Cura te ipsum
Прыщи на лице Джеральда высыпали в ознаменование вступления в пубертат, подобно тому, как прорастают грибы на лесной поляне по окончании дождя. Acne vulgaris покрыли его физиономию сплошной воспалённой пеленой, и он растерял последние крохи того, что в ранние годы помогало ему получать такие лестные характеристики, как "милое дитя" и "славный мальчик". Ложь, конечно, тошнотворный агнец на заклании лицемерных тёток, ложь похабная, гнусная и почти сермяжная. Джеральд никогда не был милым, даже в детстве - угрюмой ребёнок, вечно икающий или трясущийся в непонятных судорогах, не всегда способный связать два слова, и уж точно почти всегда не желающий их связывать ради бессмысленного "общения со сверстниками". Подросток-Джеральд был ещё менее симпатичен, чем Джеральд-ребёнок. Широко расставленные, миопически вылупленные глаза, длинный и тонкий нос, более уместный на лице какой-нибудь девицы голубых кровей - жертве инцеста в последних трёх поколениях, неожиданно полные губы, всегда красные, всегда покрытые коростой обветренной кожи. Чуть выпирающие зубы - в достаточной степени, чтобы это было заметно окружающим, сальные волосы, торчащие по бокам уши. Идиотская манера сутулиться, шаркающая походка, хриплый, ломающийся голос - а теперь ещё и прыщи! - всё это не делало Джеральда любимцем публики. Он не страдал. Ему нравилось быть одному, искренне нравилось - одиночество не только не тяготило его, но, кажется, было опорным пунктом его существования. Казалось, даже самый мелкий прыщ на его лице стремился к автономии. Возможно, Джеральд уже был государством, полнившимся штатами, областями, регионами, округами и прочими субъектами, и был настолько занят, что нуждался в минимуме внешнеполитического вмешательства - место, куда можно себя приткнуть и дровишки для подпитки пламенеющей голодом утробы.

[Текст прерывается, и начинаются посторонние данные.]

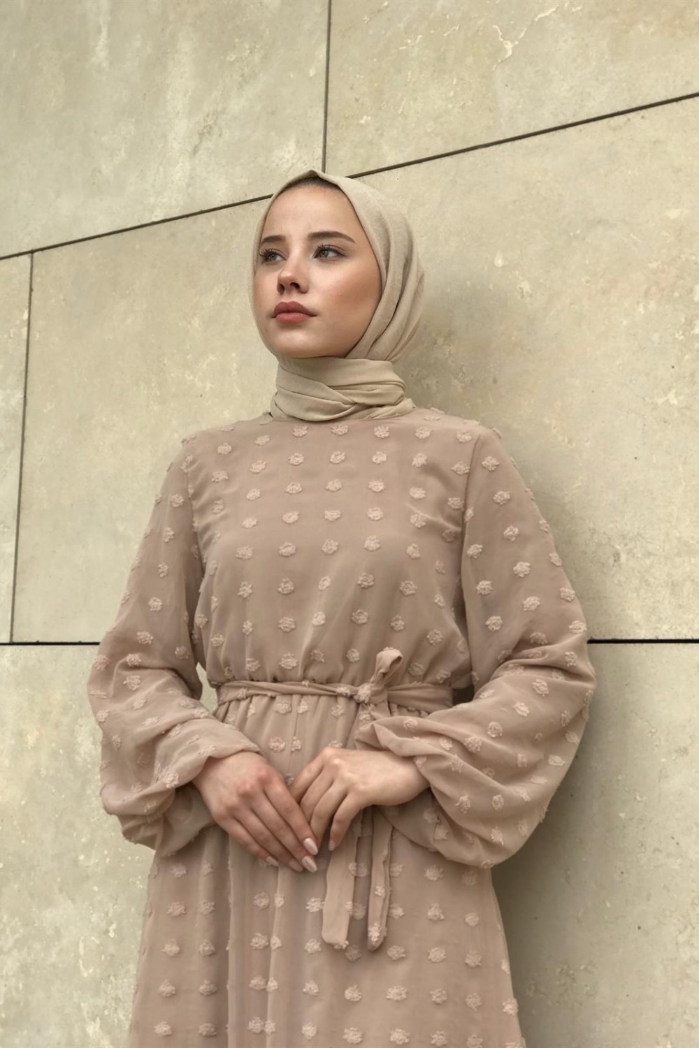 Beli Lastikli Kuşaklı Nova Elbise SütlüKahve
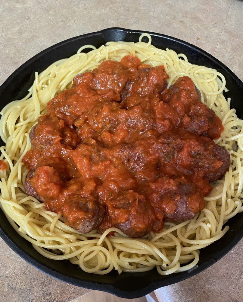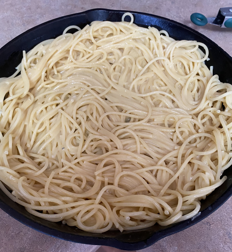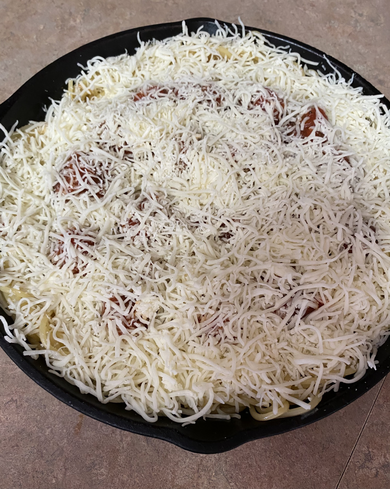 While the meatballs were cooking I made some spaghetti and mixed in some eggs, butter and parm to act as a binder to create a pasta crust.  Then into the Ci skillet
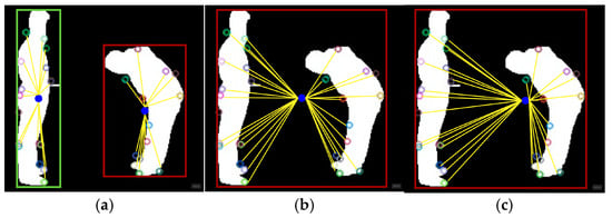 where returns the magnitude of the gradient vector, returns the angle of the gradient vector, and is an indicator function that returns 1 if the angle of the gradient vector lies within the angle range of l-th bin; otherwise, 0. A polar bin is used as a reference point, where each bin has the same size of angle range. The illustration below showcases the point-based features. Figure 8 is graphical representation of gradient vector of individual, local and global centers respectively.
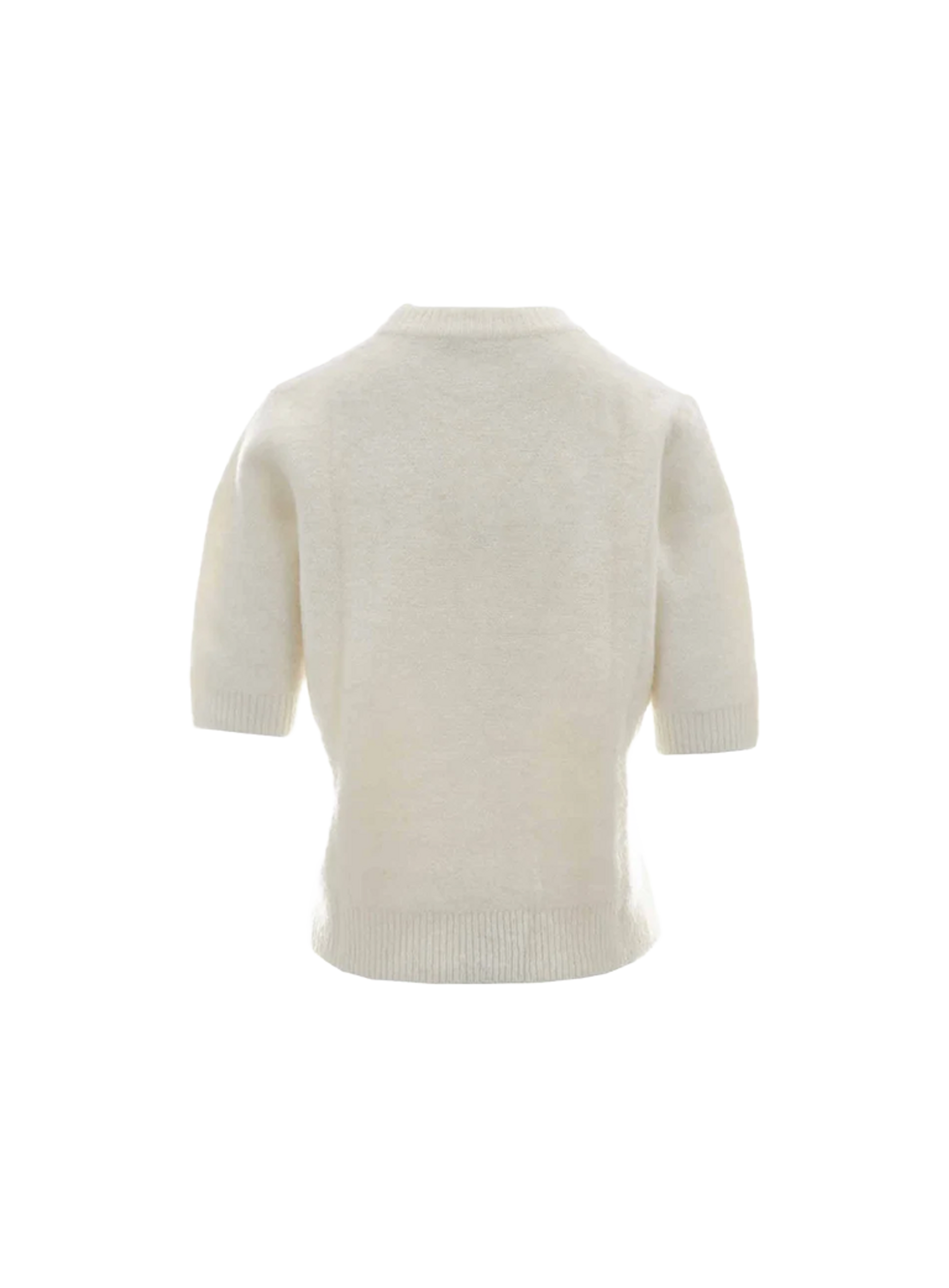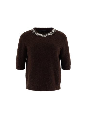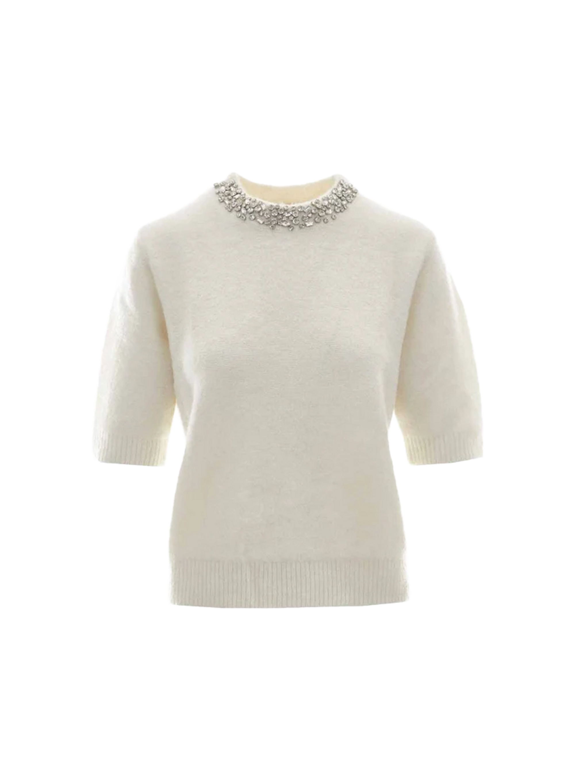 Pullover van het merk Emotions. De top met halflange mouwen heeft een hals afgewerkt met glitter details.

Мы с Джеральдом делили комнатушку на Мэйнрид стрит, 136, на этаж выше бакалейной лавки, где я и работал. Как и у многих других, он вызывал у меня отвращение, однако были и преимущества. Джеральд не алкал ласки и понимания, поэтому никто никого не водил - ни шлюх, ни мать, ни приятелей, которых у него наверняка не водилось. Джеральду не требовалось топить тоску в алкогольном или наркотическом угаре, он всегда исправно платил ренту, он не пытался завести дружескую беседу и был максимально незаметен на наших с ним скудных съёмных метрах. Я испытывал отвращение, когда видел его и даже просто думал о нём, но он делал всё, чтобы быть незаметным, и потому я до поры до времени мирился с его существованием.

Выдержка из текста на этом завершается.